Rating Layanan Kewarganegaraan
4.9 / 5.0
Berdasarkan 847 ulasan klien (Google Reviews & Internal Data)
“Sangat terbantu mengurus afidavit anak saya yang lahir di luar negeri. Proses transparan dan tim Jangkar Groups sangat responsif mengingatkan batas waktu pemilihan WNI.” – Maria S. (Klien 2026)
FAQ: Hukum Kewarganegaraan Anak Campuran
1. Apakah anak campuran wajib memiliki dua paspor?
Tidak wajib memiliki dua paspor secara fisik, namun secara hukum statusnya adalah ganda. Setelah Itu Anak bisa menggunakan paspor asing dengan tambahan fasilitas Afidavit Keimigrasian RI, atau membuat paspor RI secara bersamaan.
2. Bagaimana jika anak saya sudah lewat usia 21 tahun dan belum memilih?
Oleh Karena Itu Berdasarkan hukum yang berlaku, anak tersebut otomatis menjadi Warga Negara Asing (WNA). Maka Jika ingin kembali menjadi WNI, ia harus menempuh jalur pewarganegaraan (naturalisasi) murni sesuai Pasal 9 UU Kewarganegaraan, yang prosesnya lebih panjang.

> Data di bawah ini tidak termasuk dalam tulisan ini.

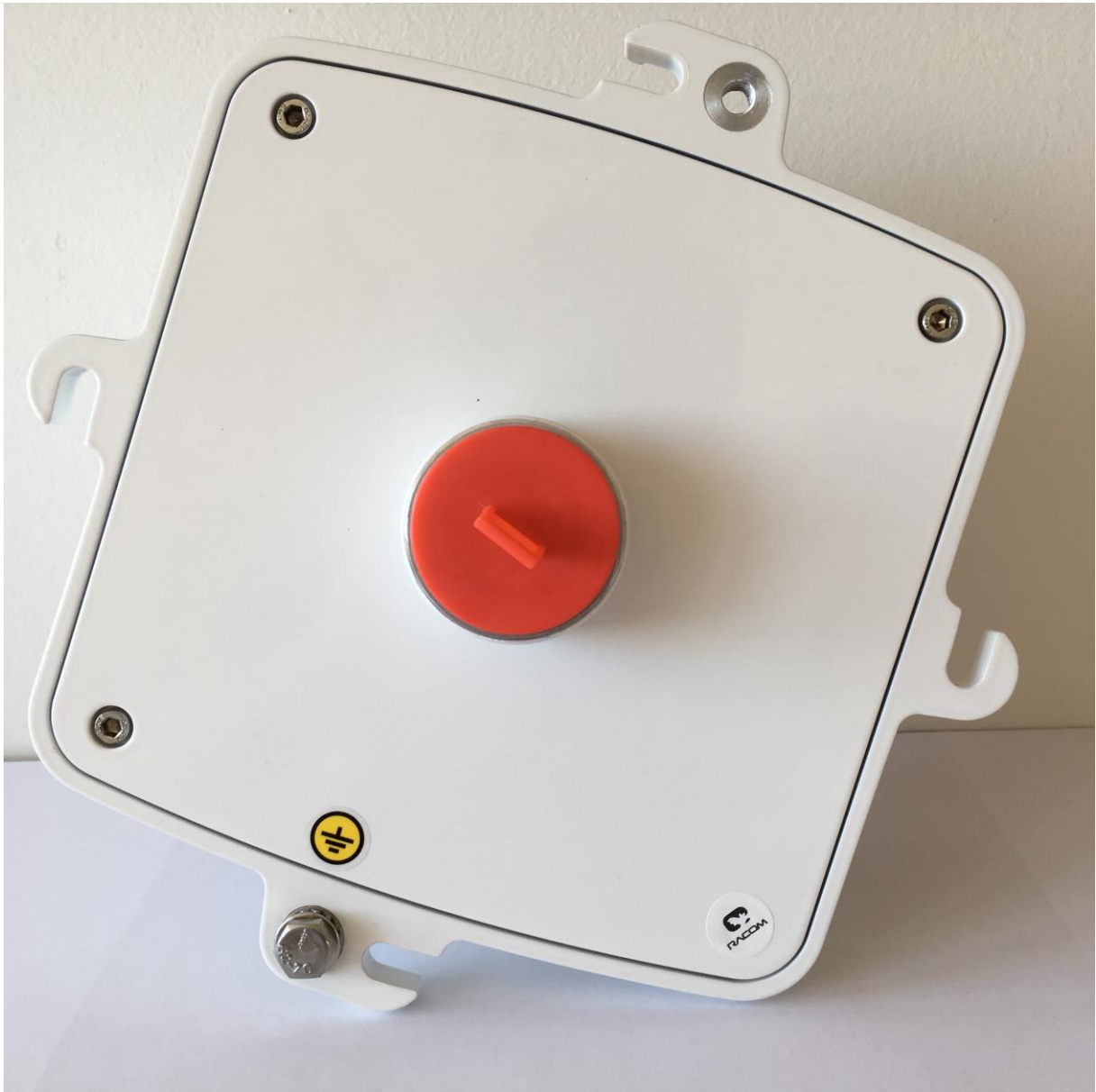
Side 2 of 6
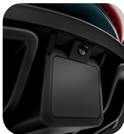
REVERSE DRIVING WITH REAR CAMERA
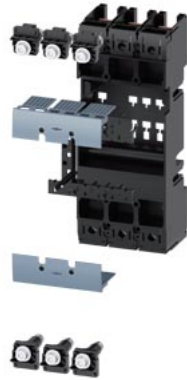
plug-in unit complete kit accessory for: circuit breaker, 3-pole 3VA61/62
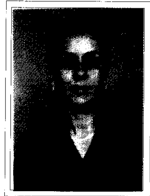
Business Development Director - U.S.A.
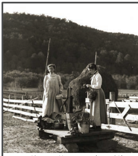
Washing vegetables at a pump (Greenwich)

Your community is investing in reliability as well. MWRA provides zero-interest loans to communities for pipeline rehabilitation and other water quality improvements. During 2023, we loaned $50 million to 17 communities for pipeline projects.
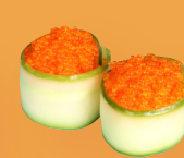
Tobikko & Cucumber $4.80 ☺
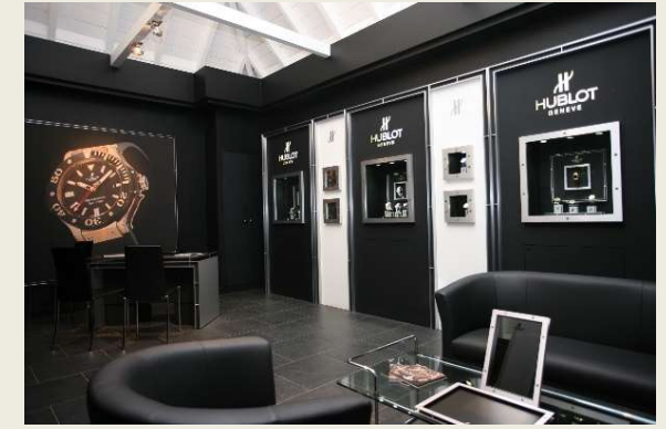
Four Season Resort - 2012-2015
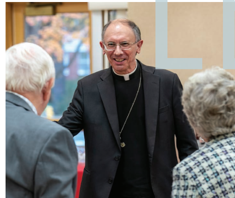
2000-05 Number of endowments grew to 124. Assets held grew to $12,449,675.
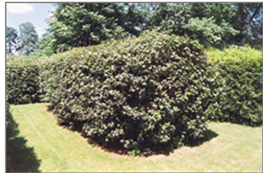
Hedge Maple
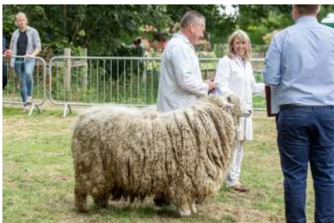
The Lincoln Longwool Sheep competitions were very well attended and once again we hosted their largest event in the county, supporting this rare breed.

“Thankyou for such a wonderful day! It was just what we needed! I looked around at the crowd of people , watching and dancing away to 'Fleetwood Mac' & thought, how proud the organisers of this wonderful show should be !
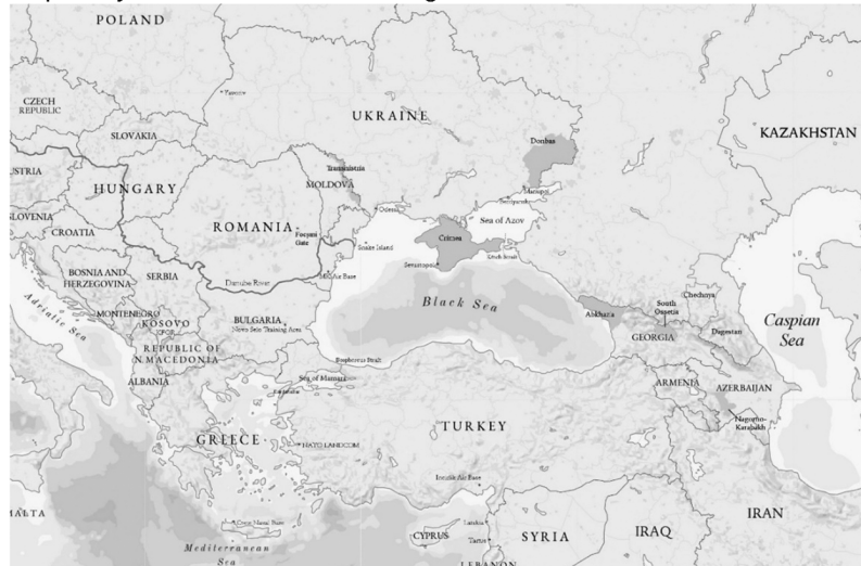
Map: Grey zones in the Black Sea region
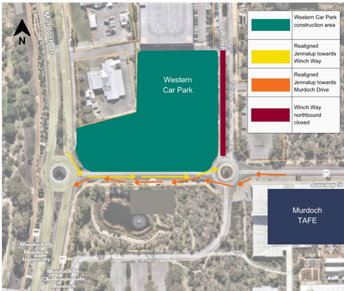
Modified traffic arrangements at Jennalup Street from mid-to late June

These traffic arrangements are expected to remain in place until mid-2027.
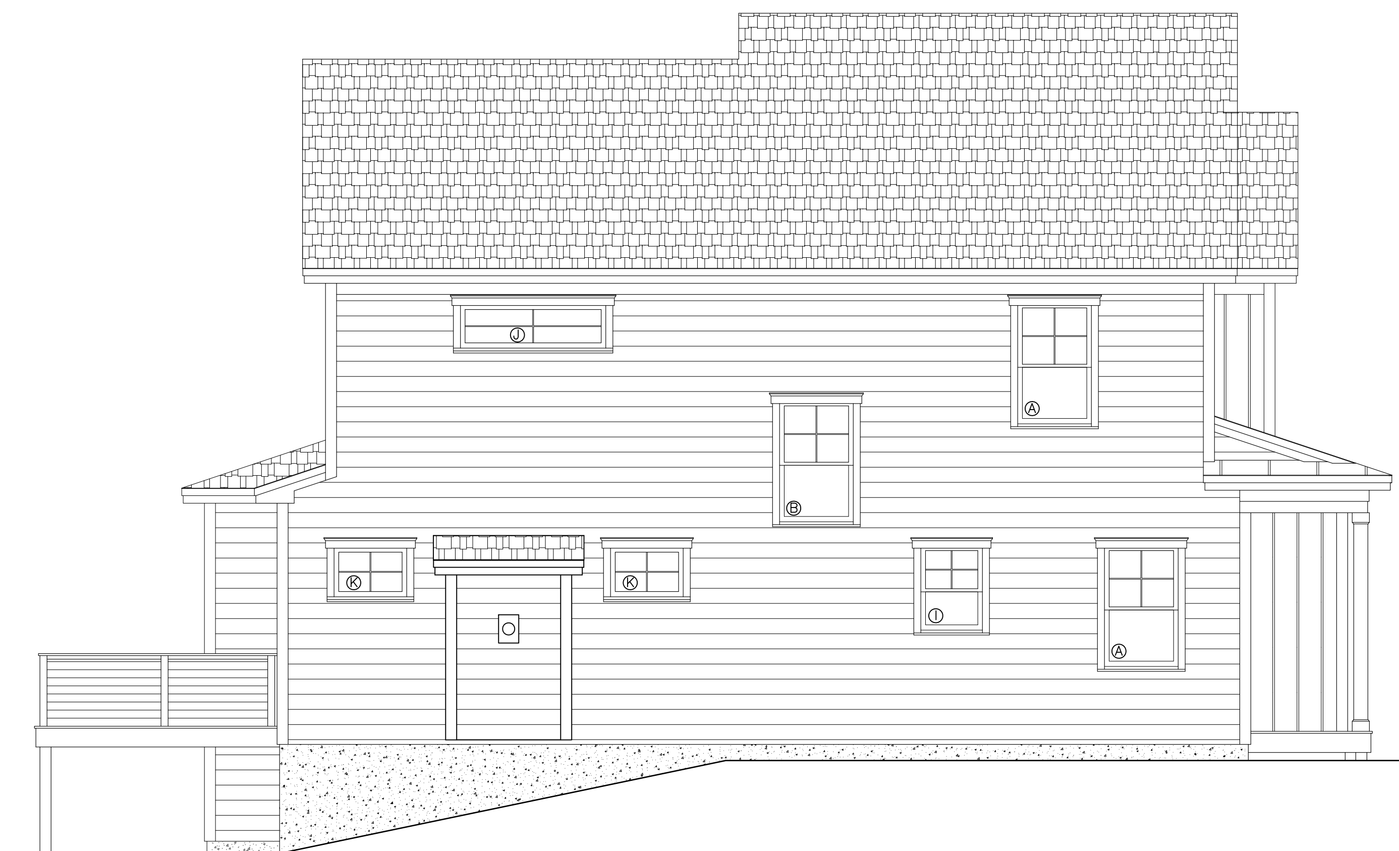
2 LEFT SIDE ELEVATION 1/4" = 1'-0"
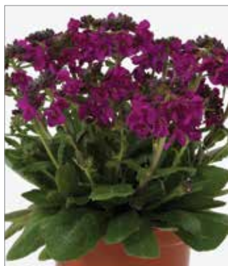
Barranca Deep Rose Arabis
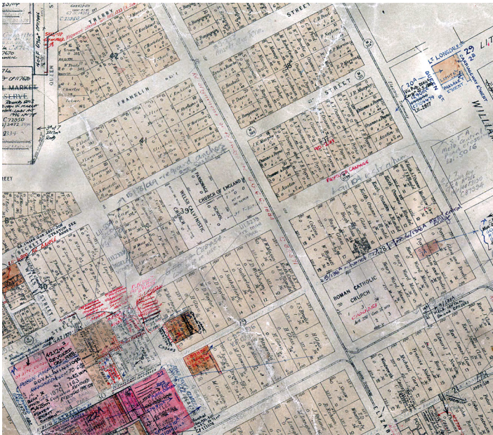
Detail of the map of the Parish of Melbourne North. Little Latrobe Street was later constructed through the centre of Section 37 (towards the top on the right). PROV, VPRS 16171/P1 Regional Land Office Parish and Township Plans Digitised Reference Set, Parish and Township Plans (L-Me), Melbourne -2A in the Parish of Melbourne South, Imperial measure M11 (5514).

As the settlement of Melbourne grew, so too did the need for a system to regulate its residents, and on 22 October 1841 an Act of Parliament divided the settlement into four wards – Bourke, Latrobe, Gipps and Lonsdale. For rate-paying purposes, Little Latrobe Street fell within the north-east section of Melbourne in the Ward of Gipps, though it is not recorded in the rate books for that ward until 1851.[2] It appears, therefore, that the street did not exist when the original parish map, which is undated, was drawn up. Rather, it was added some time between 1850 and 1851, through the centre of Section 37. This means that Little Latrobe Street was not included in the original 1837 layout of the city's grid with the other 'little' streets, but developed much later. It is significant that Little Latrobe Street was constructed around 1850, as there was a huge influx of immigrants into Melbourne at that time following the discovery of gold in Victoria and, clearly, more space was needed to cope with the rising population. Little Latrobe Street thus came to exist in a much more 'natural' way than the streets of the grid, developing as the city itself was growing, out of a need rather than a structured plan.
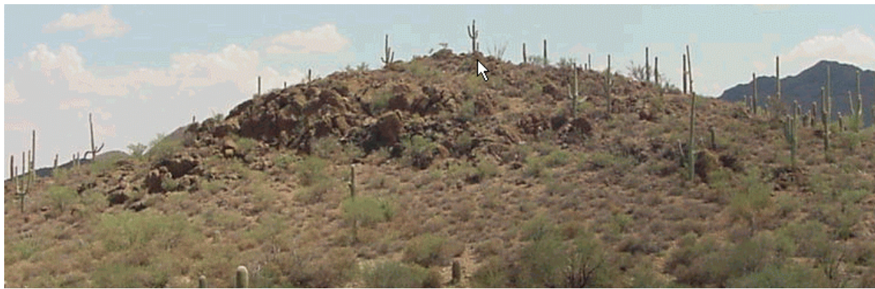
Photo facing south from Bucking Bronco Pl.
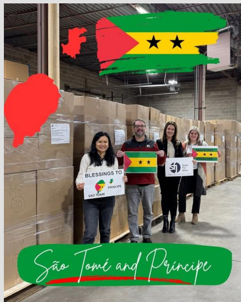
Love and Prayers for São Tomé & Príncipe
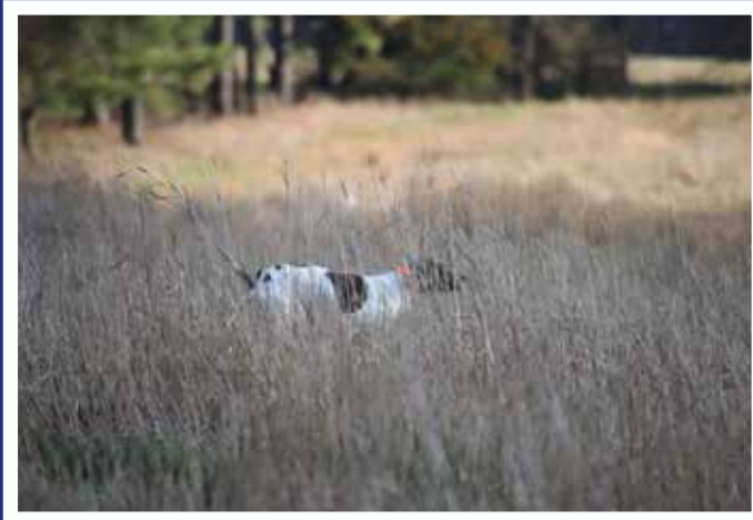
A nice point in the tall grass
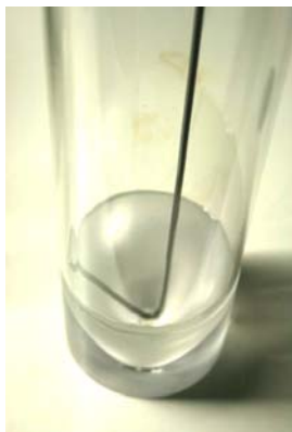
acrylic glass with cone and paddle scraper
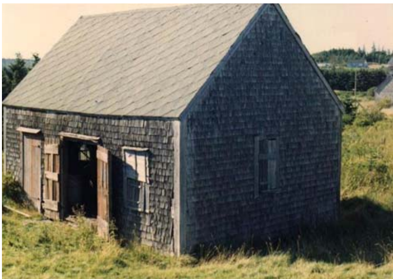
7) The blacksmith shop before it was demolished and moved to Grand-Pré
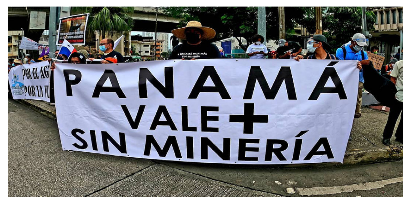
Photo: Protest led by the "Panama is Worth More Without Mining" Movement (MPVMSM) in Panama City.

3. Apa itu Afidavit dan mengapa penting?
Afidavit adalah dokumen keimigrasian berupa keterangan tertulis yang di lekatkan pada paspor asing anak. Ini membuktikan bahwa anak tersebut adalah subjek Kewarganegaraan Ganda Terbatas, membebaskan mereka dari keharusan memiliki visa atau KITAS saat tinggal di Indonesia.
4. Bisakah Jangkar Groups mengurus anak yang lahir di luar negeri?
Bisa. Tim Jangkar Groups melayani pendampingan legalitas mulai dari pencatatan kelahiran di KBRI/KJRI, legalisasi dokumen asing, hingga penerbitan dokumen kependudukan anak secara resmi di Indonesia.